Через три с половиной часа он был уже в своём кабинете, настраиваясь
на бессонную рабочую ночь – завтра всё равно суббота, будет ещё возможность выспаться…
***
В понедельник на утренней планёрке Артамонова ждал очередной сюрприз не из самых приятных, недостатка в коих в последнее время не было. В пятницу, пока он отсутствовал по причине командировки к учредителю, Луиза Аркадьевна успела пригласить на работу под своё начало двух новеньких сотрудниц, которые теперь с любопытством и удивлением таращились на главного: воистину Москва – город маленький! Ну и круто же поднялся Андрей Артамонов за каких-то несколько месяцев, что они не виделись…
– Разрешите представить вам, Андрей Петрович, моих новых коллег, опытных и продуктивных рекламистов, которых я перевербовала из…
– А мы знакомы, – Артамонову не пришлось даже всматриваться в незабытые ещё лица ушлых сексапильных девиц-рекламщиц, недурно зарабатывавших на теме «комфортного и быстрого снижения веса», готовых хоть самое страшное проклятье рода человеческого изобразить в светлейших и благороднейших красках и тонах, если им заплатят. – Это Настя и Оля. Настя – из журнала «Образ жизни», а Оля, кажется, работала в «Бьюти» и «VIP-премьере» одновременно. Я не ошибся? Или… что-то с памятью моей стало? Тогда извините.
– Андрей Петрович! Какие извинения, это именно мы. Как здорово, что вместе теперь будем работать, если, вы возьмёте нас, конечно! То вы были одним из лучших наших рекламодателей по… – в один голос выразили свою радость от встречи и одновременно же осеклись неглупые, действительно опытные специалистки рекламного жанра так называемых глянцевых журналов, не решившись озвучить без разрешения недавнюю ниву деятельности человека (сетевой маркетинг, увы, пока не сделался в нашей стране почётной профессией), от которого, возможно, если он их примет, будет теперь зависеть комфортность и материальная стабильность, а также длительность их профессиональной деятельности на новом месте.
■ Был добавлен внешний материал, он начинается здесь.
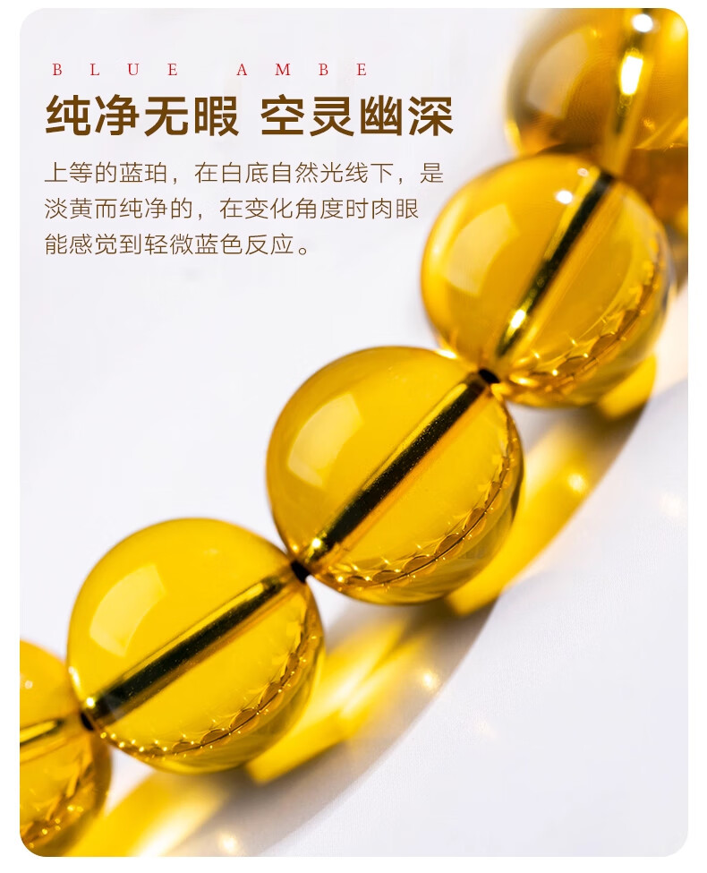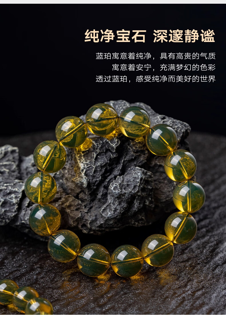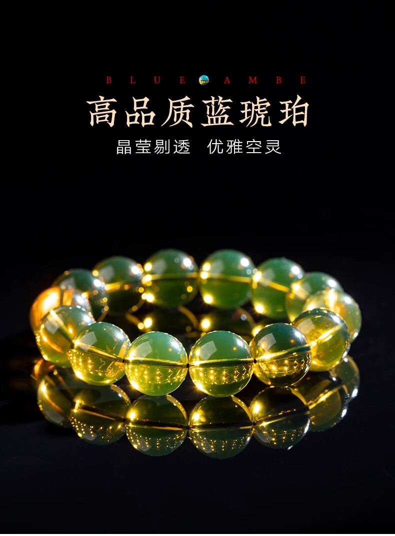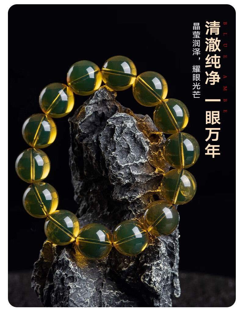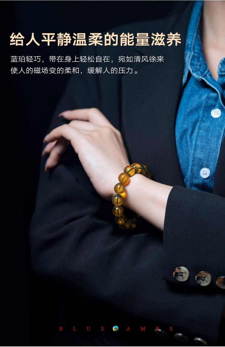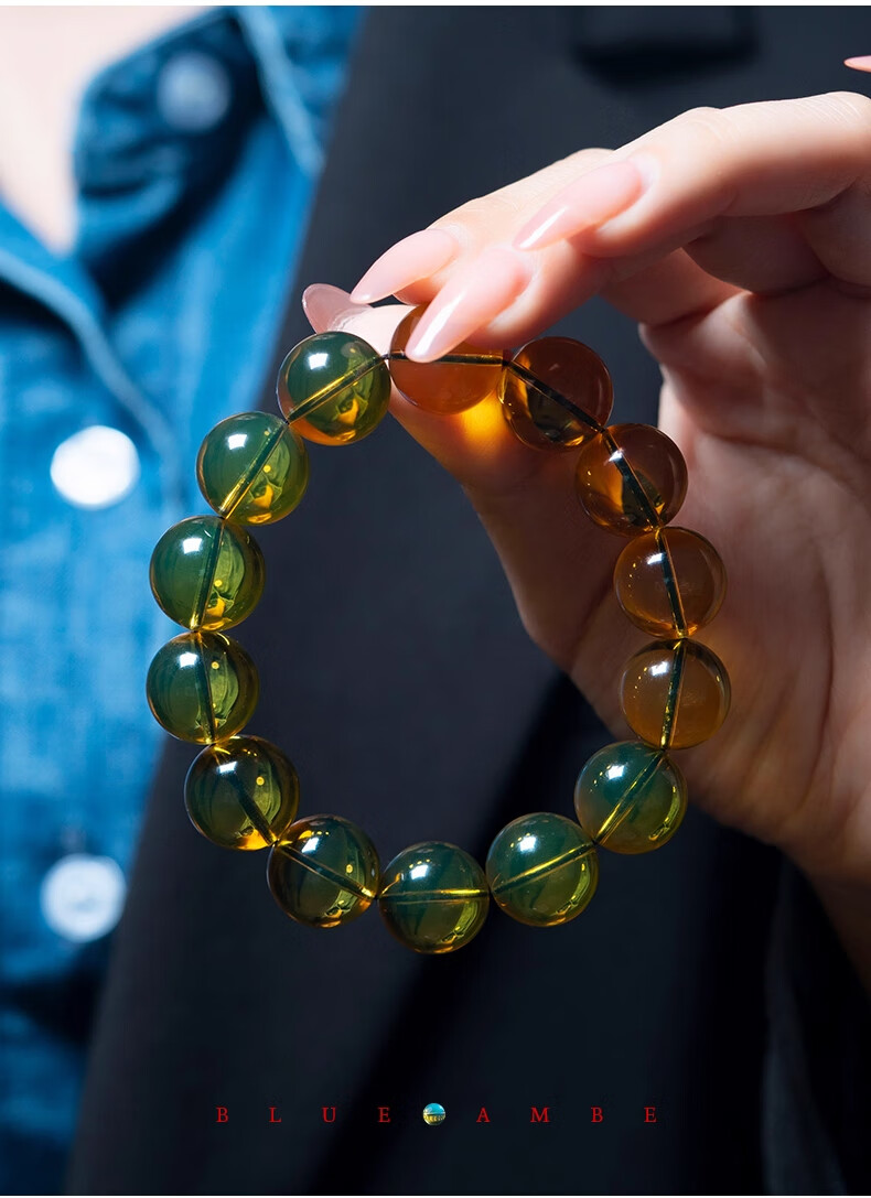 Fan Jialun blue amber beeswax bracelet for men, pure water grade amber, original stone toy piece, single circle bracelet for men and women, gift, blue amber 0.8x21 pieces

– К уровню профессионализма, а также касательно ваших деловых качеств у меня вопросов нет, поэтому оформляйтесь и работайте на здоровье и во благо нашего издания, не забывая об использовании в полной мере всех стимулов, в том числе и материальных, – Артамонов, деликатностью на деликатность, не стал озвучивать без их согласия, зачем именно девчонкам в первую очередь необходим материальный стимул: жилплощадь в Москве – главная проблема для приезжих, в том числе и для них обеих…
– Ну что, коллеги, с чего начнём сегодня? Предлагаю, для разминки – с небольшого традиционного «разбора полётов». И в первую очередь с главного, пожалуй, для успеха любого печатного издания, особенно аналитического, типа замышляемого нашего – с содержательной, журналистской части. Валерий… извините, Валериан Валерьевич, вы у нас отвечаете за гонорарную политику. Кто у нас лидер по начисленным гонорарам по готовящемуся первому номеру?
– Александр Митяев. Четыре материала по полполосы, и один на полную, шесть тысяч знаков полоса. Начислено из расчёта, согласно вашим личным рекомендациям в связи с ещё не утверждёнными гонорарными тарифами, по двести долларов за полосу – всего шестьсот долларов, или по курсу Центробанка – восемнадцать тысяч рублей. Это помимо основного оклада. И ещё обещает сдать в этот номер столько же. То есть идёт с весомым перевыполнением нормы.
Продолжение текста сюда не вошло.